Recorded data:
- - -

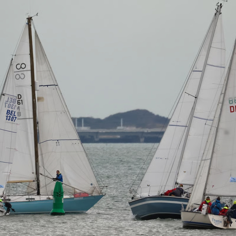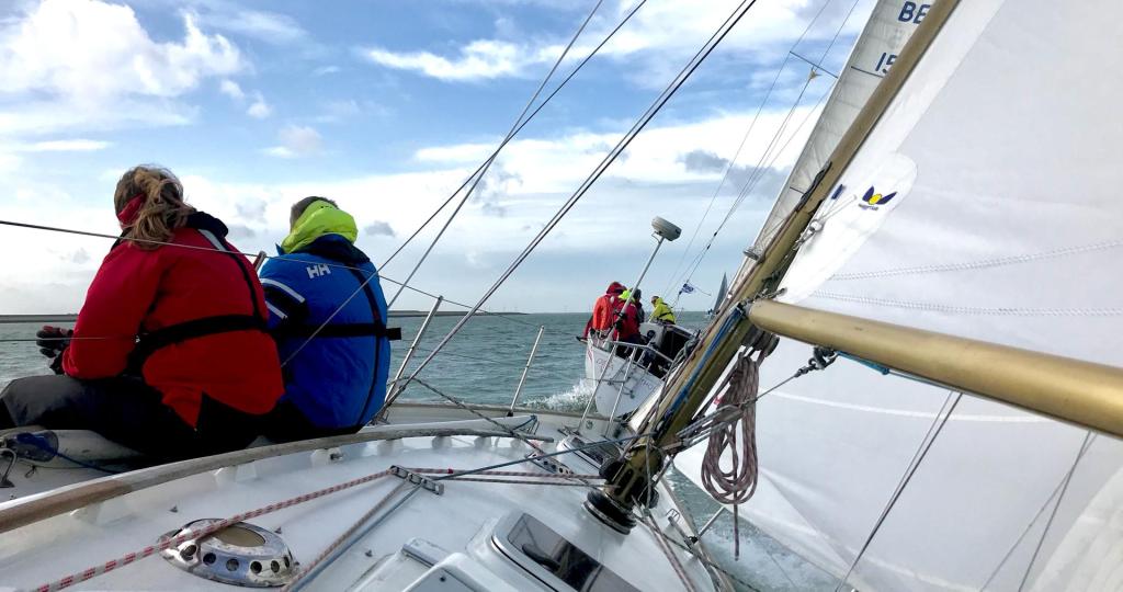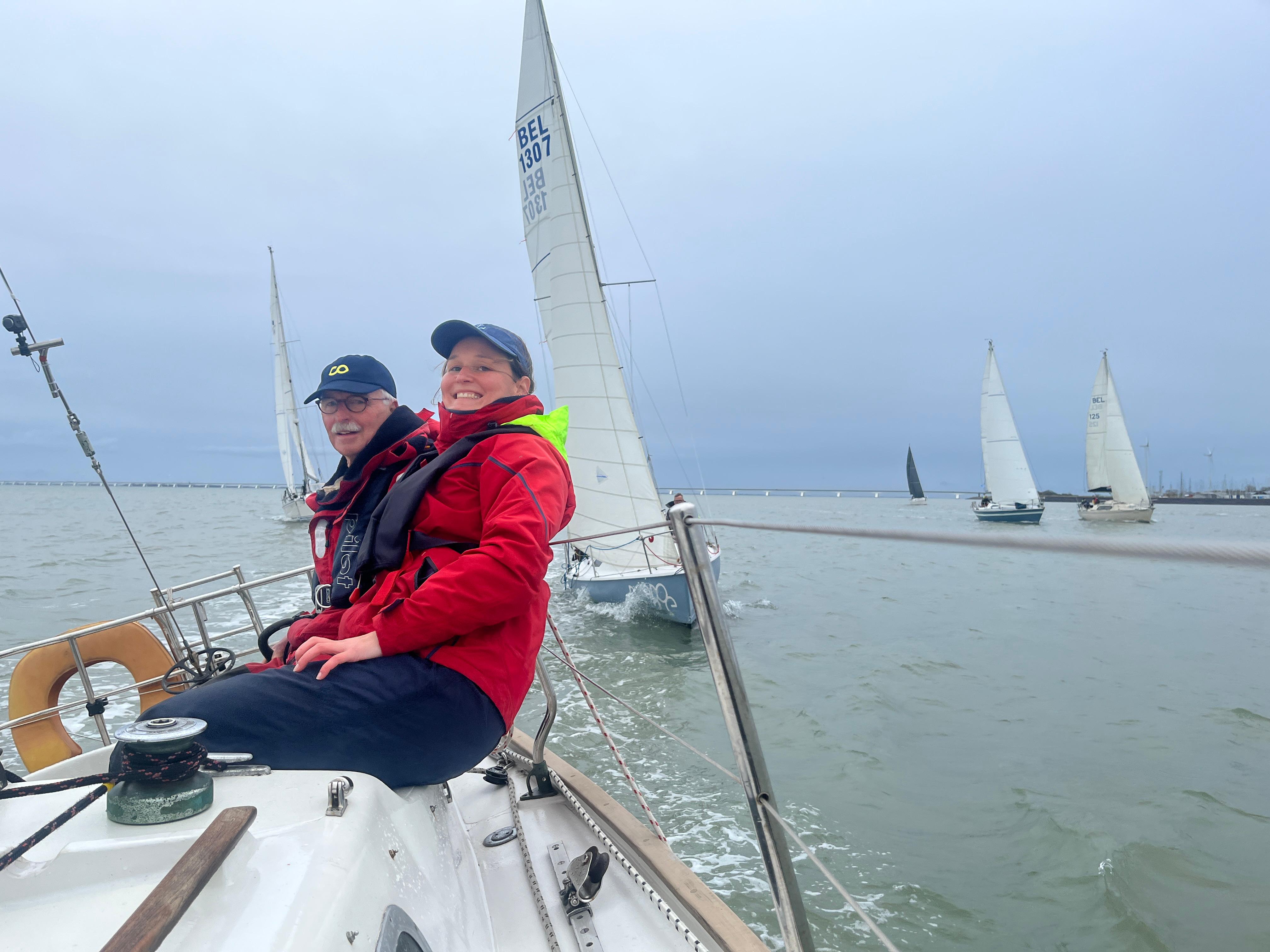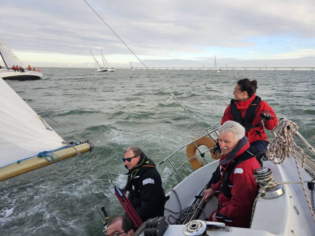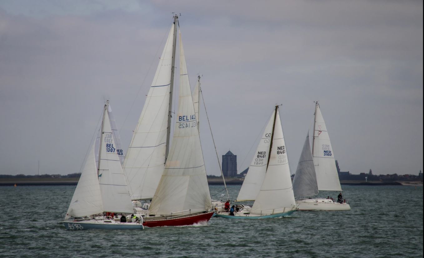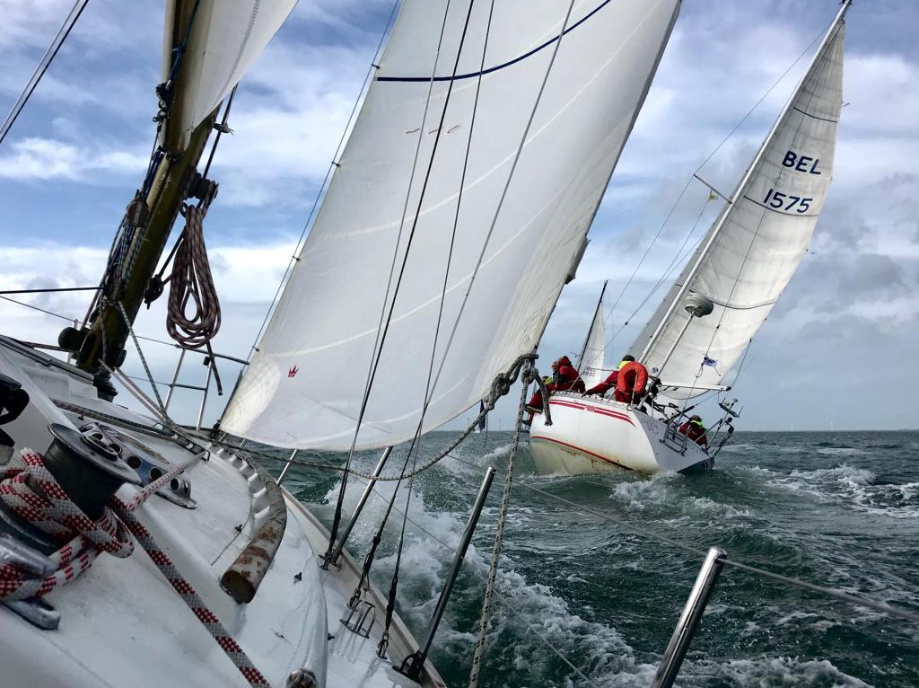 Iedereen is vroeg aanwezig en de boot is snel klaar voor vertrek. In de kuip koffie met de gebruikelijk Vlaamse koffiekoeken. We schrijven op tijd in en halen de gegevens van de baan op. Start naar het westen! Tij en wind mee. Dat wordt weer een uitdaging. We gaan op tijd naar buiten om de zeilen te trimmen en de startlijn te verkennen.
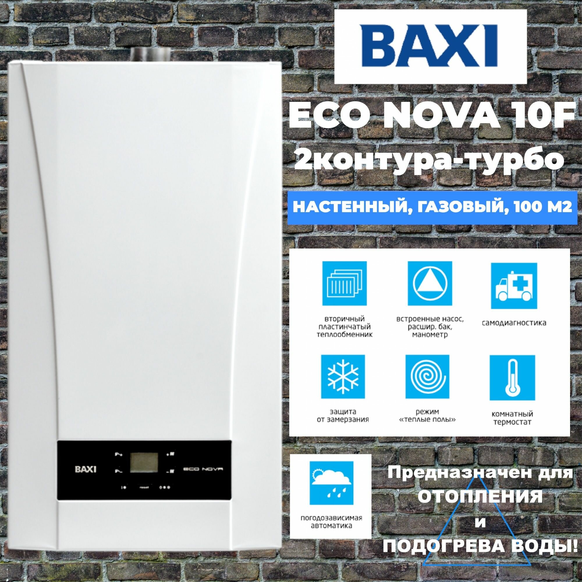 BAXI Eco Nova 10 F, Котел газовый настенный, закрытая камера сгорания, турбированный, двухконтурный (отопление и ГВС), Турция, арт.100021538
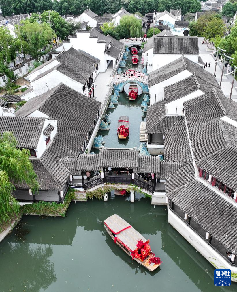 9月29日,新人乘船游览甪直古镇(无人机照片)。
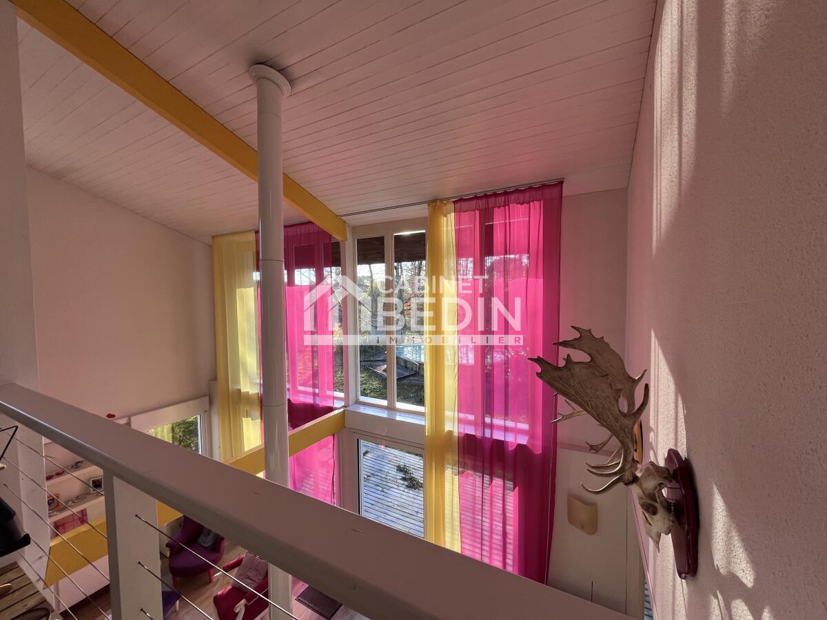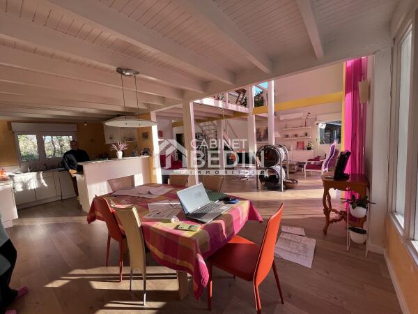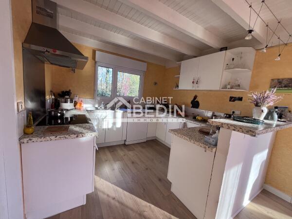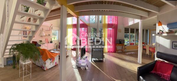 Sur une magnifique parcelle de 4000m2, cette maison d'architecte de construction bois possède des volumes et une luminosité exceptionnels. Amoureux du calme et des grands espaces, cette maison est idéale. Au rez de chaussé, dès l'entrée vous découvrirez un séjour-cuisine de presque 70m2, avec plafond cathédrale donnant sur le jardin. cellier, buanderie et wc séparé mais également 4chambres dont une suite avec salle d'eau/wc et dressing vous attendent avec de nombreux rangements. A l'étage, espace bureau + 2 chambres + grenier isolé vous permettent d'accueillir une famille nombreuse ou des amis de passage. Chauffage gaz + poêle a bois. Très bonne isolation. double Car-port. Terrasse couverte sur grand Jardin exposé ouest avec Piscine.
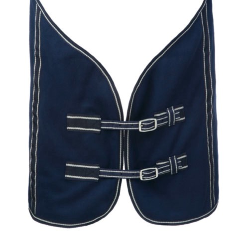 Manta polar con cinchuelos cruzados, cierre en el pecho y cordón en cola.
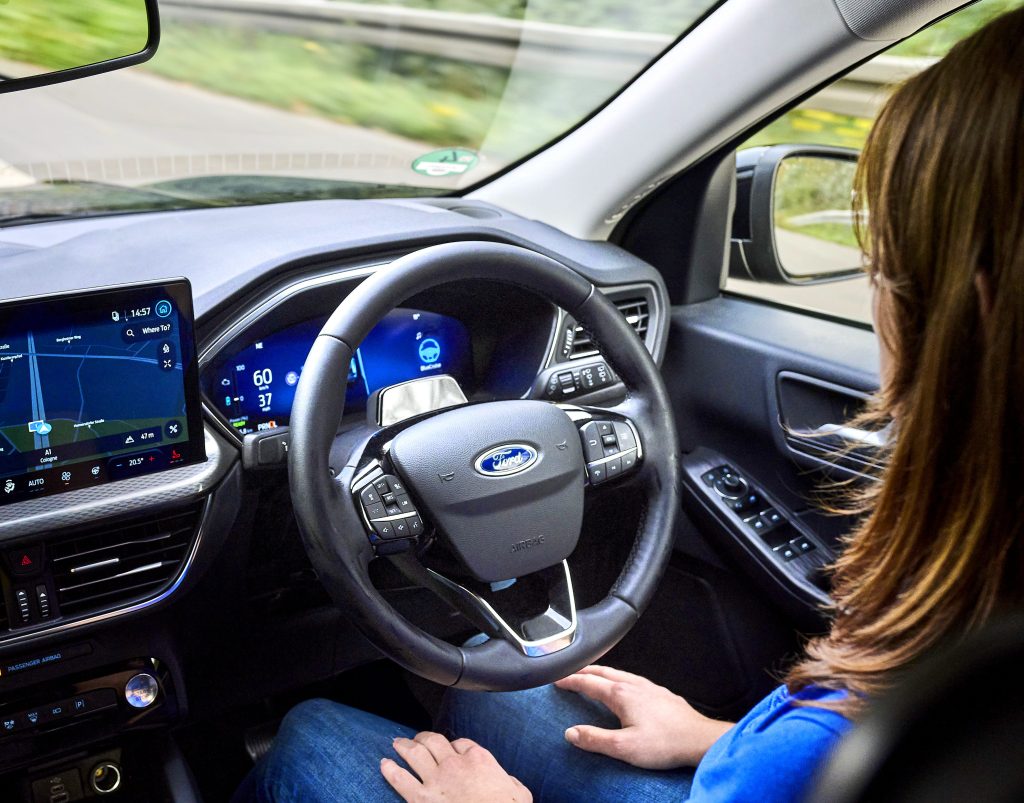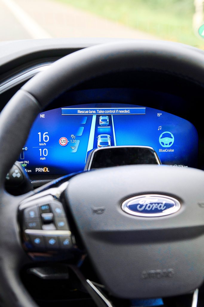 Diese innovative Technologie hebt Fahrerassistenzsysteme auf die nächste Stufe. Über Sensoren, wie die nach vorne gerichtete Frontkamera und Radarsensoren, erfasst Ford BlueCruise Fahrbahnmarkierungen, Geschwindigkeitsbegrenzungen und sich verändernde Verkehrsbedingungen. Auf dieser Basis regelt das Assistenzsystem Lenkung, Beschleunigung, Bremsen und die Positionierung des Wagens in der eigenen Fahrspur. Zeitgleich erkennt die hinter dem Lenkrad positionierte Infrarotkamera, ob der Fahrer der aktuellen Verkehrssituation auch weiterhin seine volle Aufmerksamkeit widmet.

- - -

Give an exact copy of the data, and omit any pictures it holds.

 Iedereen is vroeg aanwezig en de boot is snel klaar voor vertrek. In de kuip koffie met de gebruikelijk Vlaamse koffiekoeken. We schrijven op tijd in en halen de gegevens van de baan op. Start naar het westen! Tij en wind mee. Dat wordt weer een uitdaging. We gaan op tijd naar buiten om de zeilen te trimmen en de startlijn te verkennen.
 BAXI Eco Nova 10 F, Котел газовый настенный, закрытая камера сгорания, турбированный, двухконтурный (отопление и ГВС), Турция, арт.100021538
 9月29日,新人乘船游览甪直古镇(无人机照片)。
 Sur une magnifique parcelle de 4000m2, cette maison d'architecte de construction bois possède des volumes et une luminosité exceptionnels. Amoureux du calme et des grands espaces, cette maison est idéale. Au rez de chaussé, dès l'entrée vous découvrirez un séjour-cuisine de presque 70m2, avec plafond cathédrale donnant sur le jardin. cellier, buanderie et wc séparé mais également 4chambres dont une suite avec salle d'eau/wc et dressing vous attendent avec de nombreux rangements. A l'étage, espace bureau + 2 chambres + grenier isolé vous permettent d'accueillir une famille nombreuse ou des amis de passage. Chauffage gaz + poêle a bois. Très bonne isolation. double Car-port. Terrasse couverte sur grand Jardin exposé ouest avec Piscine.
 Manta polar con cinchuelos cruzados, cierre en el pecho y cordón en cola.
 Diese innovative Technologie hebt Fahrerassistenzsysteme auf die nächste Stufe. Über Sensoren, wie die nach vorne gerichtete Frontkamera und Radarsensoren, erfasst Ford BlueCruise Fahrbahnmarkierungen, Geschwindigkeitsbegrenzungen und sich verändernde Verkehrsbedingungen. Auf dieser Basis regelt das Assistenzsystem Lenkung, Beschleunigung, Bremsen und die Positionierung des Wagens in der eigenen Fahrspur. Zeitgleich erkennt die hinter dem Lenkrad positionierte Infrarotkamera, ob der Fahrer der aktuellen Verkehrssituation auch weiterhin seine volle Aufmerksamkeit widmet.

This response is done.